=== Data under study ===

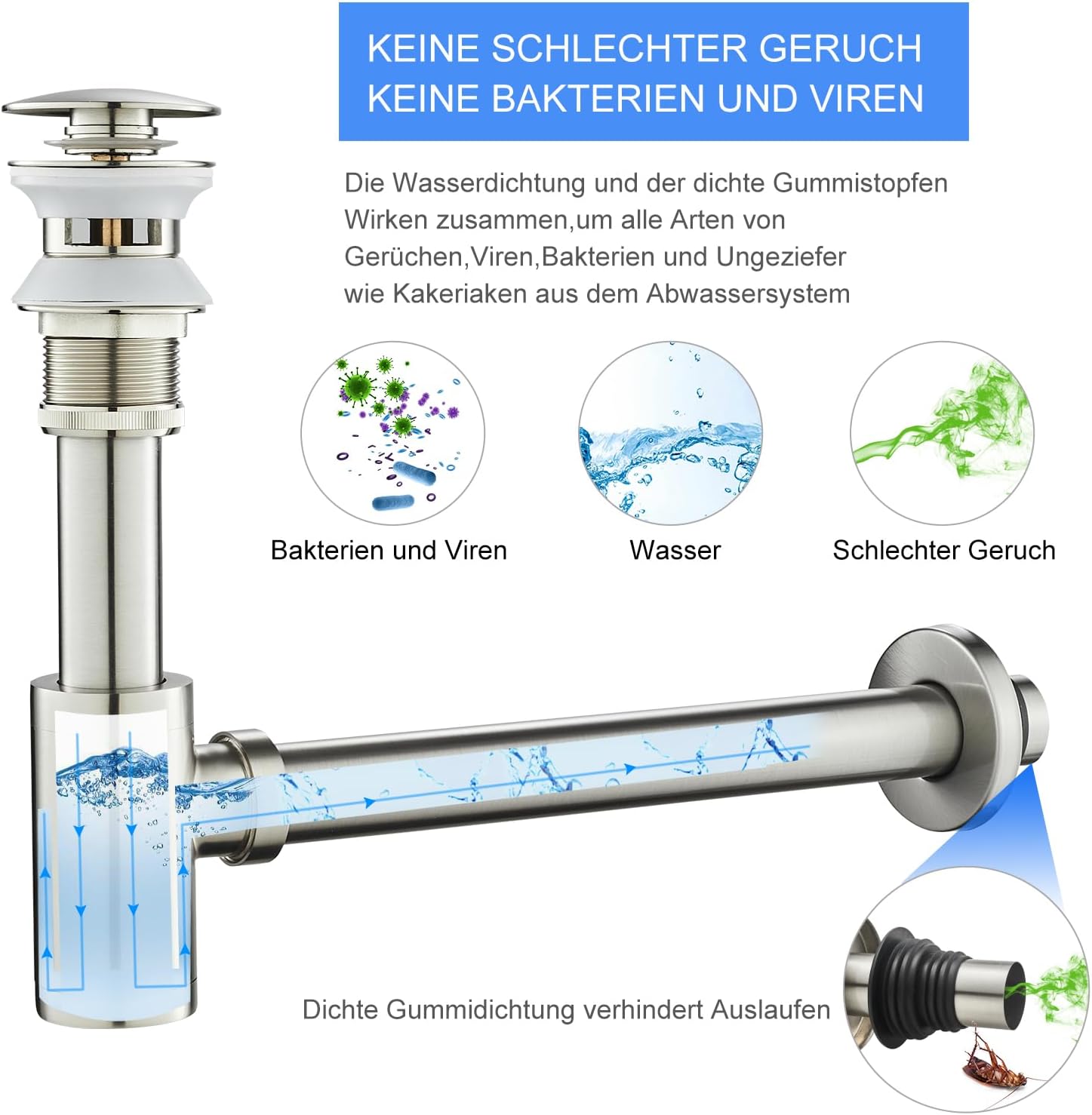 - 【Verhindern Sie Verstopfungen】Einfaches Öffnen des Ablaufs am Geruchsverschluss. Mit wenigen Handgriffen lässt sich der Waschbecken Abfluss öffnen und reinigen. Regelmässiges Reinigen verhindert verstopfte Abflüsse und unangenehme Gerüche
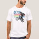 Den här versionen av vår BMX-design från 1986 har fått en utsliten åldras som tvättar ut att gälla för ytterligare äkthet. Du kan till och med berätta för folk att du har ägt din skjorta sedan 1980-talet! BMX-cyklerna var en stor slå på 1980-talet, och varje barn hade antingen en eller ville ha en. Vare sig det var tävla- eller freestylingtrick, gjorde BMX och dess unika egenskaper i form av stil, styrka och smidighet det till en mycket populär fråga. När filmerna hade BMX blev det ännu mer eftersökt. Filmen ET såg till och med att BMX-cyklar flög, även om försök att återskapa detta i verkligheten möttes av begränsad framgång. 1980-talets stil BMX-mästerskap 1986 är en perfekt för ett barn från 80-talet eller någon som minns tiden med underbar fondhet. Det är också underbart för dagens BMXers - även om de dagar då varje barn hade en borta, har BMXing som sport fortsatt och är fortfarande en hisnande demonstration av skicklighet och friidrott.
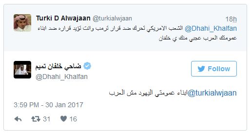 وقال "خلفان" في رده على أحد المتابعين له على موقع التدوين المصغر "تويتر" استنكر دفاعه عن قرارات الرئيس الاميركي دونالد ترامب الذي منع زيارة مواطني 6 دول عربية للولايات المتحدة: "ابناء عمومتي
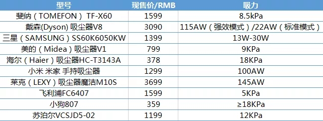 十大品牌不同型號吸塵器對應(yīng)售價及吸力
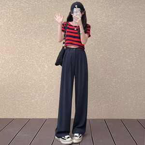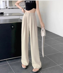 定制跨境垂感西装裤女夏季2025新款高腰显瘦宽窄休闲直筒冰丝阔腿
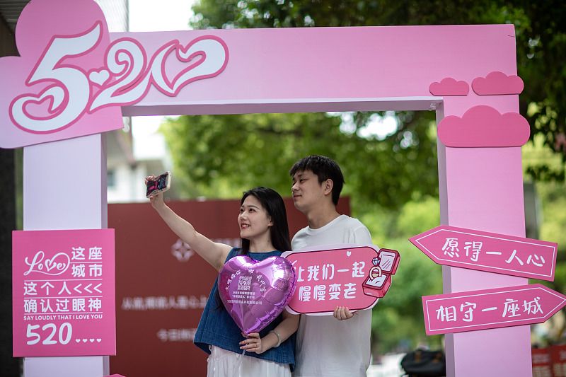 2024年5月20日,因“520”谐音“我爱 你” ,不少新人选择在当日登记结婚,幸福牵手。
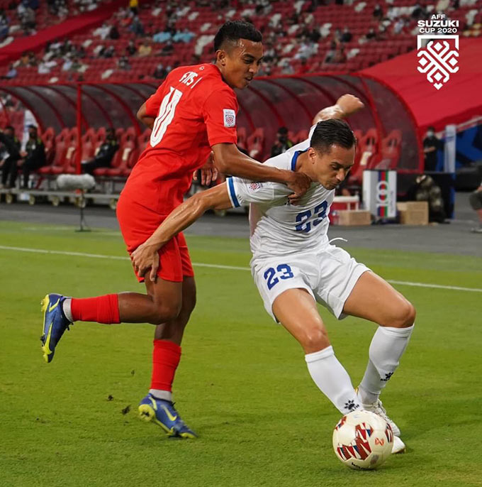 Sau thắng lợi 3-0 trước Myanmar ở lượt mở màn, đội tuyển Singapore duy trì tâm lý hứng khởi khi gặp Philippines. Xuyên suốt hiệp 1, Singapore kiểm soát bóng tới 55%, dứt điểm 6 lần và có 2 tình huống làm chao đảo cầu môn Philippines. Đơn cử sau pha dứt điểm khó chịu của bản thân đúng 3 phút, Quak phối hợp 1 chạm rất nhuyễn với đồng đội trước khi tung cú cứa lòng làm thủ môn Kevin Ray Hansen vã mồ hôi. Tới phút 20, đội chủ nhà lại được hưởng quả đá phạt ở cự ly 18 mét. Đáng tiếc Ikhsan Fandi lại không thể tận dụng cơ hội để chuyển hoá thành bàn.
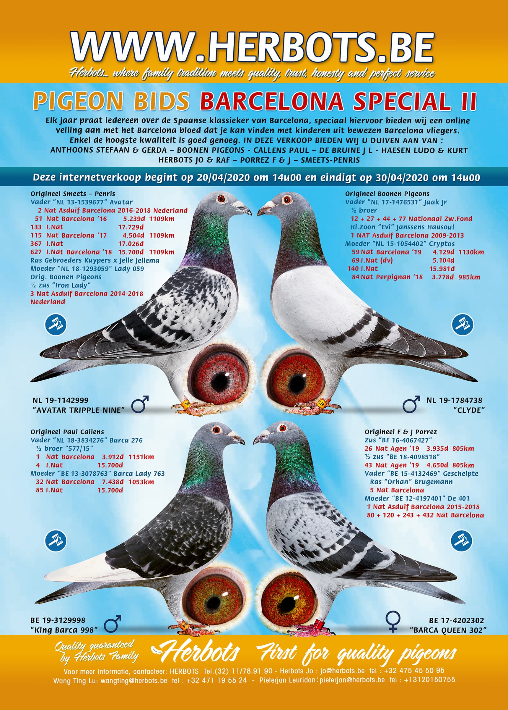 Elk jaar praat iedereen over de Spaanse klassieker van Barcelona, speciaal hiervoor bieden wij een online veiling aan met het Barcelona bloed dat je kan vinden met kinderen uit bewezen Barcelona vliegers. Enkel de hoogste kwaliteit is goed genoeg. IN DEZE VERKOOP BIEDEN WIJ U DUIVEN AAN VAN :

===
=== Data under study ===

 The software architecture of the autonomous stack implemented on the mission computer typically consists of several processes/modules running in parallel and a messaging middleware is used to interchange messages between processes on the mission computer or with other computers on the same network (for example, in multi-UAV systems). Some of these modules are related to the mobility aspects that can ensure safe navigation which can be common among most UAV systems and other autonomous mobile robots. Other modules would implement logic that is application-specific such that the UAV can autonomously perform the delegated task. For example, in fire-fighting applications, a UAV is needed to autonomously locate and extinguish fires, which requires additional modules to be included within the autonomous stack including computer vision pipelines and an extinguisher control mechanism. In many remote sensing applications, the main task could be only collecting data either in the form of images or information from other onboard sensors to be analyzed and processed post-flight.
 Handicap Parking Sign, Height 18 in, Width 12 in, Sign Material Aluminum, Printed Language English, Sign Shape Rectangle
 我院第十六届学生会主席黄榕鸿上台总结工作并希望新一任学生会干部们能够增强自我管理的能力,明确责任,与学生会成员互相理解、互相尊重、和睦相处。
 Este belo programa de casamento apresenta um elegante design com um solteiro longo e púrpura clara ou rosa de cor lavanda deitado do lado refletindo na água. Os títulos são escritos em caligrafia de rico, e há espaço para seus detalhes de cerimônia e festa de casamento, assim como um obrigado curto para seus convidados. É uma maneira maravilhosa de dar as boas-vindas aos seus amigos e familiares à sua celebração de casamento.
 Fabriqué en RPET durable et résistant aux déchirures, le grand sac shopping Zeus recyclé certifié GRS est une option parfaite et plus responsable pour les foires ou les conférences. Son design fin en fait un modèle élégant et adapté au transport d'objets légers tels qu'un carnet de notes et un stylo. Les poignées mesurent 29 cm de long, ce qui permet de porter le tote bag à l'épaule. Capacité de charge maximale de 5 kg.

===

Required action:
Go back to the lines above and output, exactly as they stand, the ones from the line containing "Sau thắng lợi" to the line containing "Elk jaar praat". Leave all pictures behind.

Your response:
 Sau thắng lợi 3-0 trước Myanmar ở lượt mở màn, đội tuyển Singapore duy trì tâm lý hứng khởi khi gặp Philippines. Xuyên suốt hiệp 1, Singapore kiểm soát bóng tới 55%, dứt điểm 6 lần và có 2 tình huống làm chao đảo cầu môn Philippines. Đơn cử sau pha dứt điểm khó chịu của bản thân đúng 3 phút, Quak phối hợp 1 chạm rất nhuyễn với đồng đội trước khi tung cú cứa lòng làm thủ môn Kevin Ray Hansen vã mồ hôi. Tới phút 20, đội chủ nhà lại được hưởng quả đá phạt ở cự ly 18 mét. Đáng tiếc Ikhsan Fandi lại không thể tận dụng cơ hội để chuyển hoá thành bàn.
 Elk jaar praat iedereen over de Spaanse klassieker van Barcelona, speciaal hiervoor bieden wij een online veiling aan met het Barcelona bloed dat je kan vinden met kinderen uit bewezen Barcelona vliegers. Enkel de hoogste kwaliteit is goed genoeg. IN DEZE VERKOOP BIEDEN WIJ U DUIVEN AAN VAN :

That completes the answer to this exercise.